| Excerpted data |

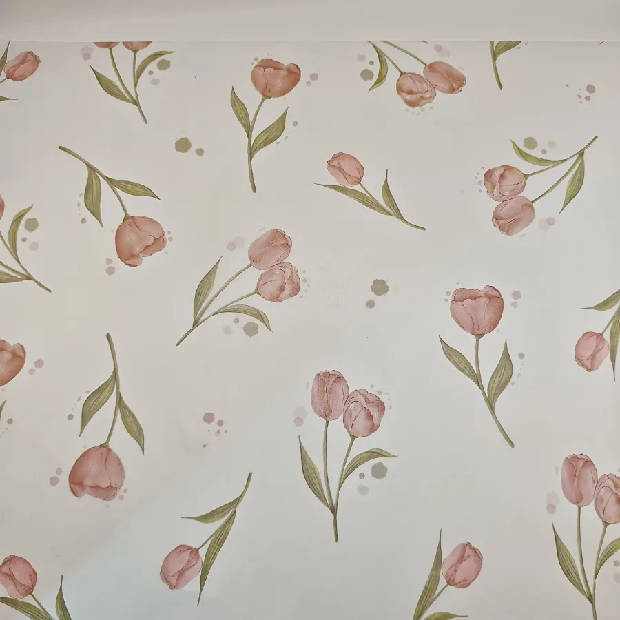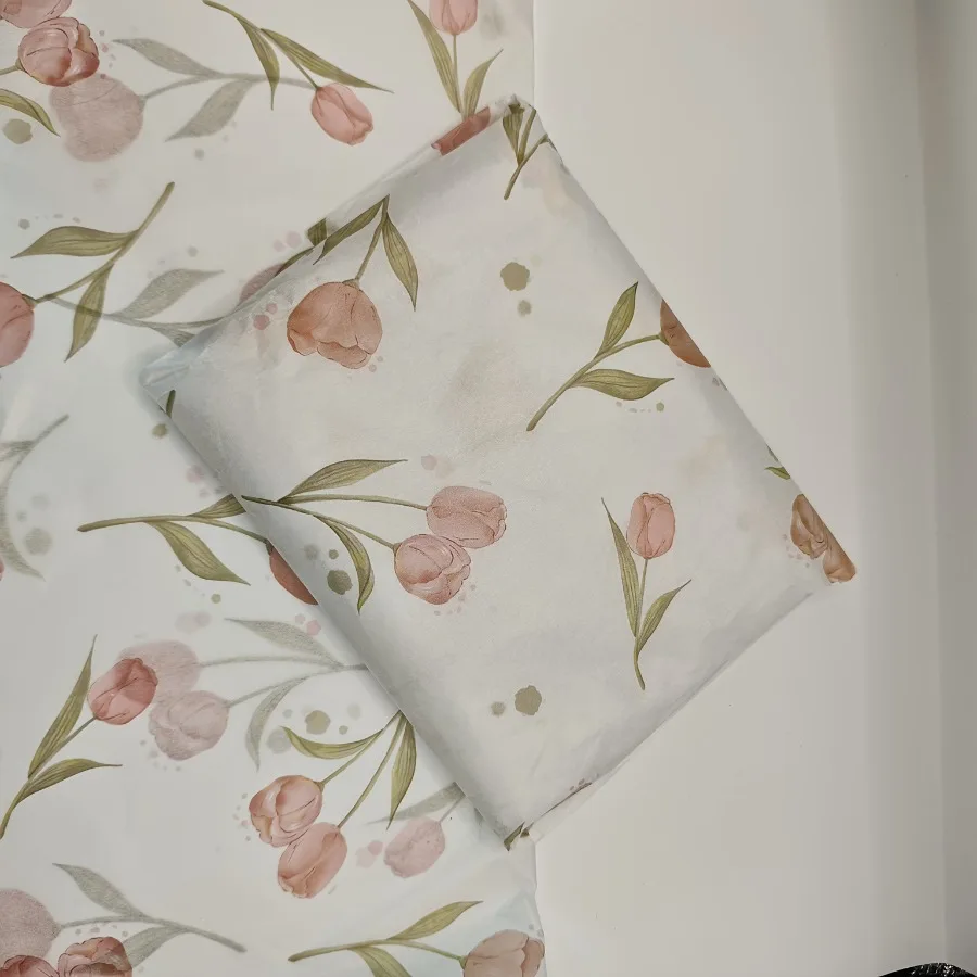 Elegant Tulip Patterned Tissue Paper Floral Design with Green Leaves For Gift Wrapping Wine Bottle Box Filling and Decorating
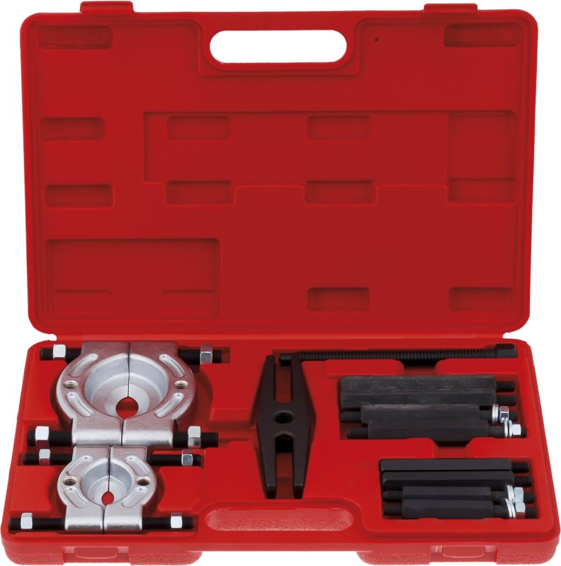 Применяется для демонтажа подшипников конического, шарикового и роликового типа. Особенности: Острые внутренние кромки сепаратора позволяют осуществить демонтаж даже плотно посаженных деталей. Наличие удлинителей позволяет использовать съёмник для демонтажа подшипников, напрессованных на ось большой длины. Широкий диапазон применения благодаря наличию двух сепараторов. Комплект набора: Сепаратор 30 мм – 50 мм (KA-1001) - 1 шт. Сепаратор 50 мм – 75 мм (KA-1002) - 1 шт. Опорные боковые оси 91 мм - 2 шт. Опорные боковые оси 113 мм - 2 шт. Удлинители боковых осей 62 мм - 2 шт. Удлинители боковых осей 83 мм - 2 шт. Центральный шток-толкатель 180 мм - 1 шт. Инструкция - 1 шт. Кейс для хранения - 1 шт.
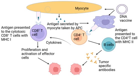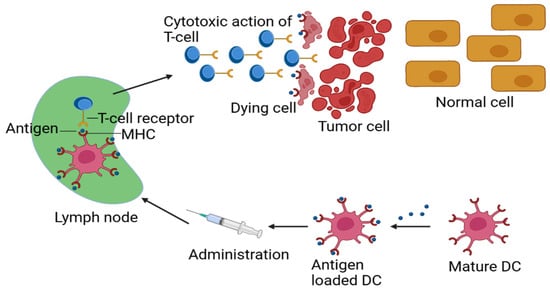 Experts have lauded an effective cancer vaccine [,]. Vaccine administration to non-cellular cancer cells and general design issues are discussed in the following section. For an effective immune response, vaccines must activate the adaptive immune system, which comprises B and T cells. B cells create anti-allergy antibodies as part of a humoral reaction to an allergen. CD4+ cells, for example, aid in the activation of other immune cells, but CD8+ CTLs are critical to the “cellular immunological response”, which is the process of cell killing []. An anticancer vaccination induces a significant CD8+ T cell response that effectively kills cancer cells [,]. To process and present antigens, two stages follow endocytic endocytosis in the immunization process: to make antigen-specific epitopes that bind to MHC (Major Histocompatibility Complex) molecules, proteases process endosomal/lysosomal antigens released into the cytosol. This is the typical approach for subunit vaccinations. MHC Class II molecules deliver endosomal antigens degraded by proteases to CD4+ helper T cells, as shown in Figure 1. For an immune response to be triggered, CD8+ T cells must cross-present. T-cell immunity is heavily reliant on good cross-presentation for a strong cancer vaccination [].
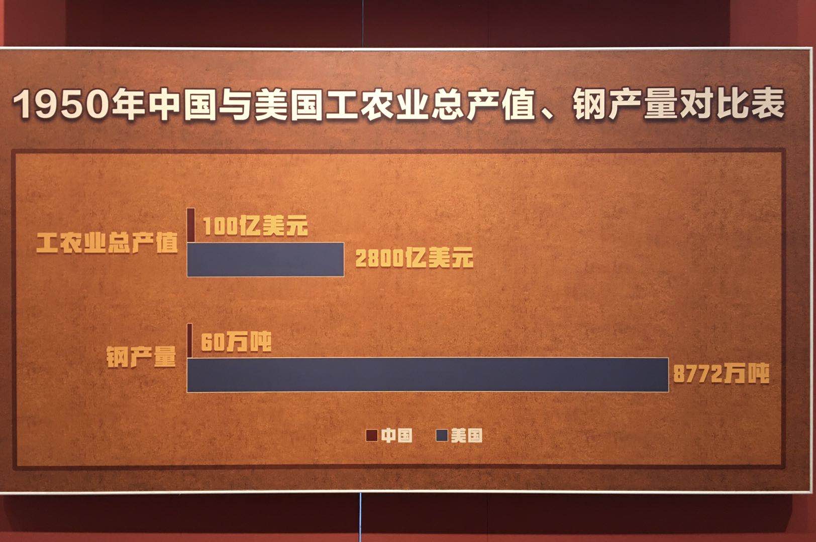 展廳里,一張對比圖,直觀展現(xiàn)了當時中美兩國在硬實力方面的巨大差距。
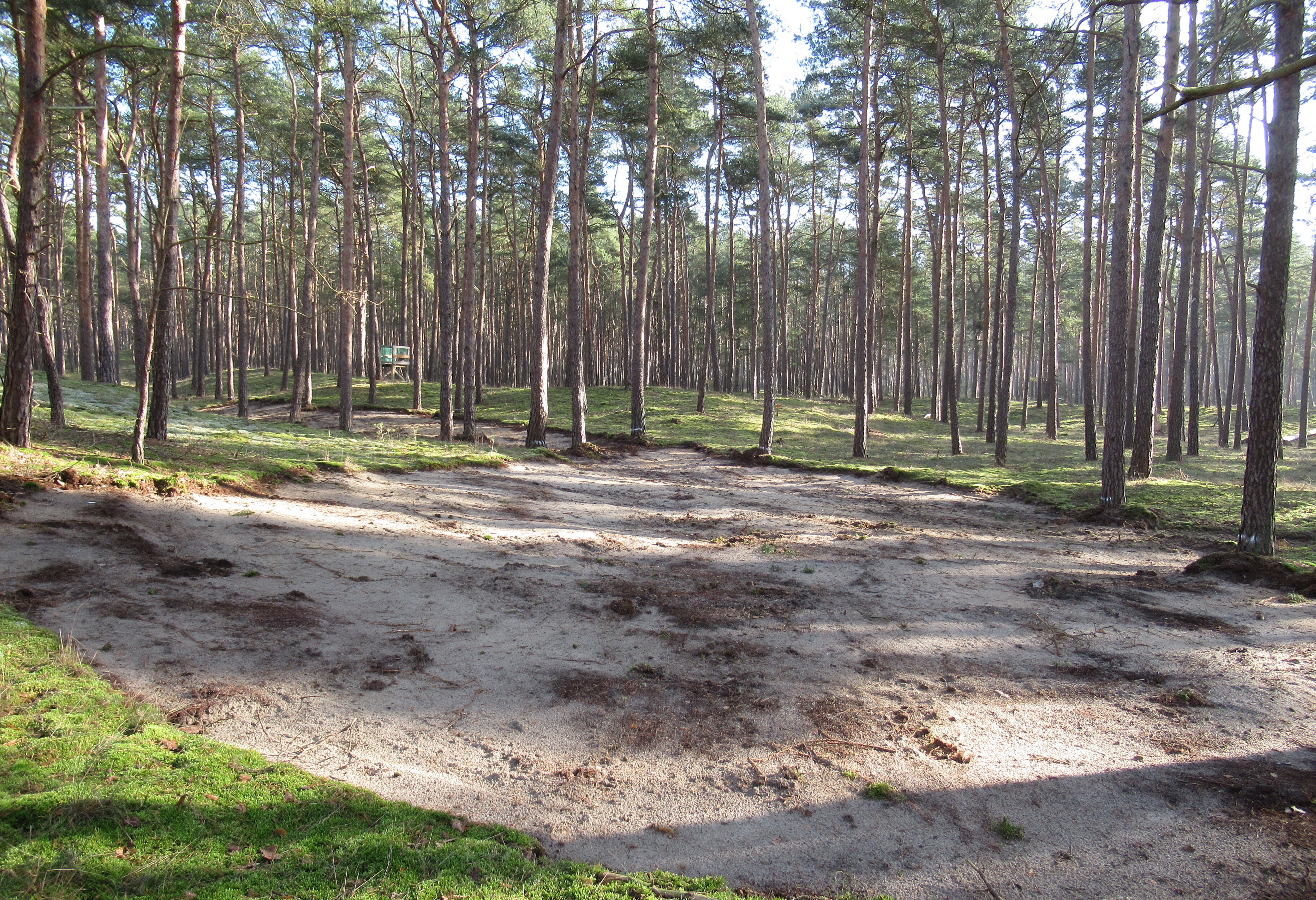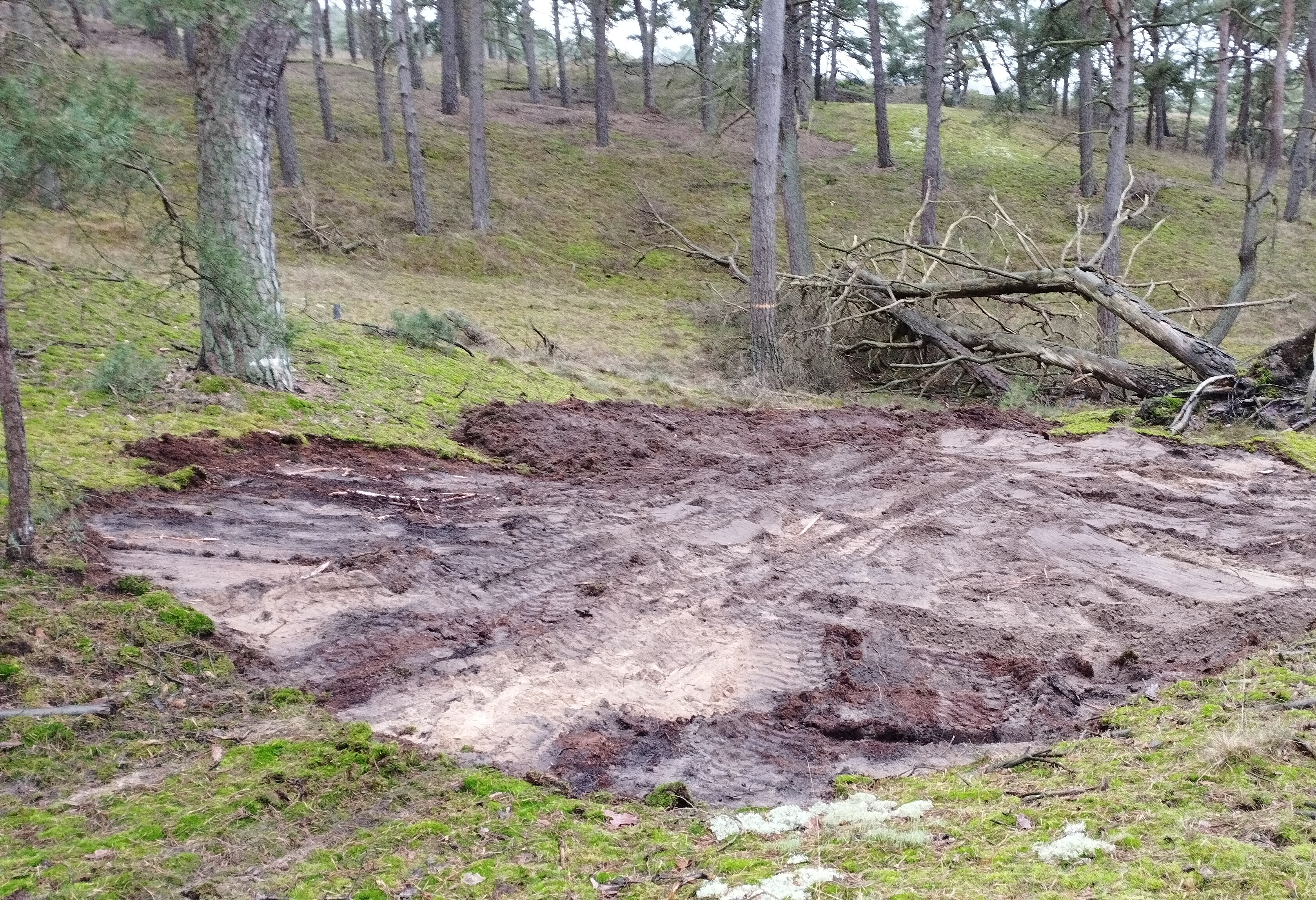 - Abtrag der Moos- und Rohhumusauflage (Imitierung der historischen Streunutzung) einschließlich Abplaggen des Drahtschmielen-Filzes,
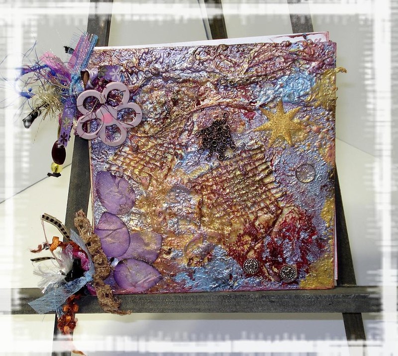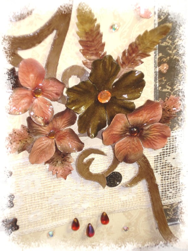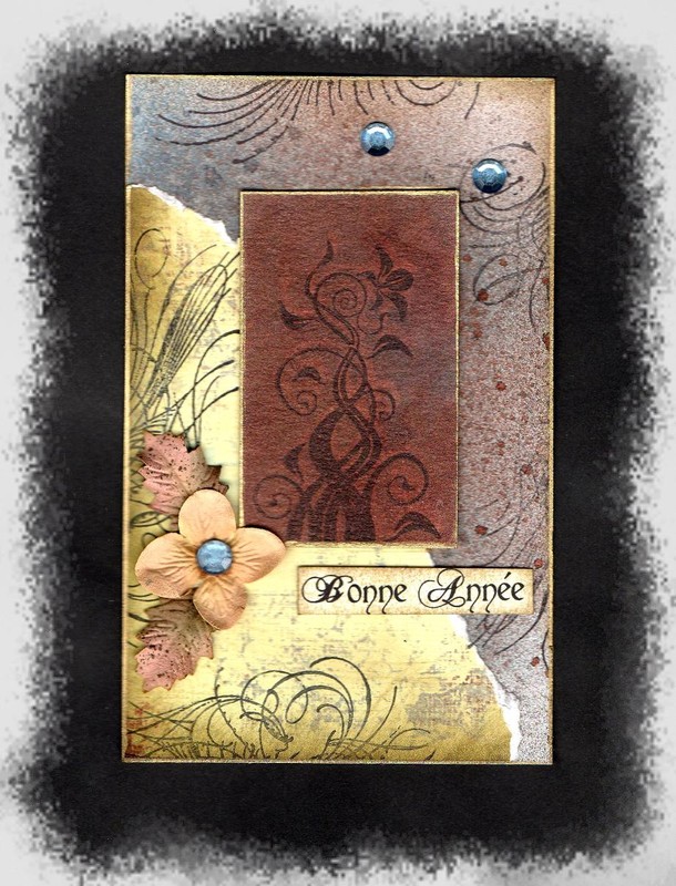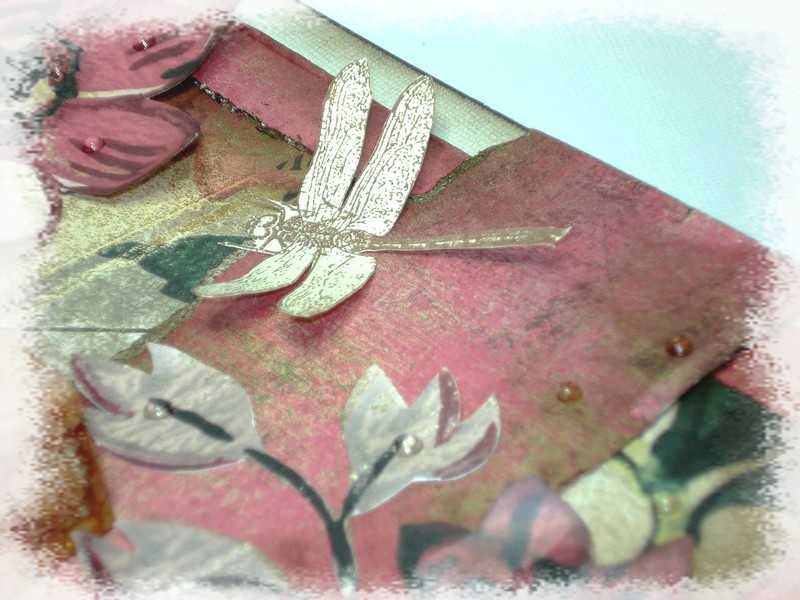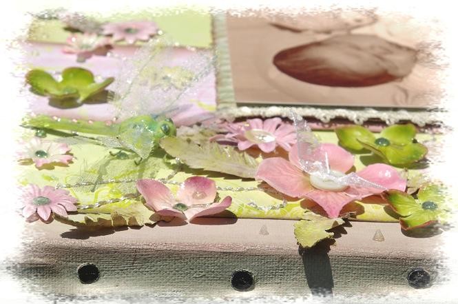 j’ai travaillé le fond avec de la peinture cracle old paper et j’ai légèrement encré dans un vieux rose.
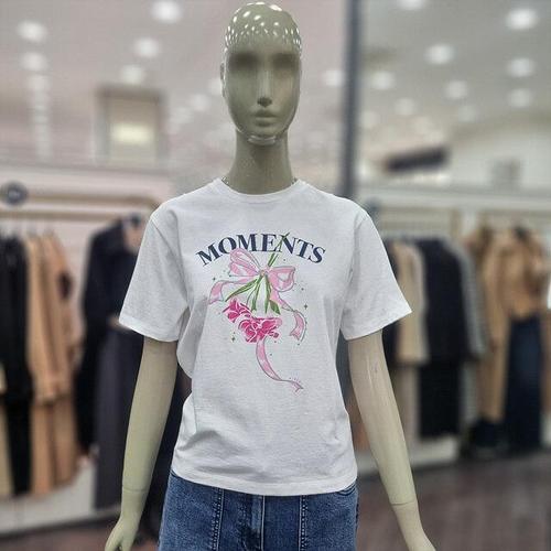 [오너클랜]인기상품 라운드넥 반팔 자수 리본 장식 크롭 티셔츠 [WFLLATQ_260304]
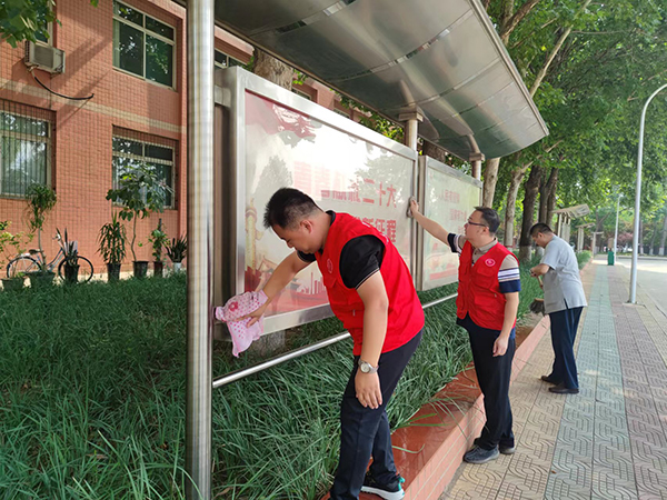 组织党员志愿服务活动。机关第一党支部组织16名党员在校园内办公楼周边捡拾垃圾,擦拭宣传栏、公开栏等,基础医学部党总支组织22名党员在金华岗开展文明交通劝导、到医专家属院开展联创共建进社区等志愿服务活动,活动中党员们不怕热、不怕累,在具体实践中展示党员的先进性。

| What the task requires |
Write out exactly the lines running from the one with "- Abtrag der" through the end of the material, both ends included, while leaving the pictures out.

| Response to the exercise |
 - Abtrag der Moos- und Rohhumusauflage (Imitierung der historischen Streunutzung) einschließlich Abplaggen des Drahtschmielen-Filzes,
 j’ai travaillé le fond avec de la peinture cracle old paper et j’ai légèrement encré dans un vieux rose.
 [오너클랜]인기상품 라운드넥 반팔 자수 리본 장식 크롭 티셔츠 [WFLLATQ_260304]
 组织党员志愿服务活动。机关第一党支部组织16名党员在校园内办公楼周边捡拾垃圾,擦拭宣传栏、公开栏等,基础医学部党总支组织22名党员在金华岗开展文明交通劝导、到医专家属院开展联创共建进社区等志愿服务活动,活动中党员们不怕热、不怕累,在具体实践中展示党员的先进性。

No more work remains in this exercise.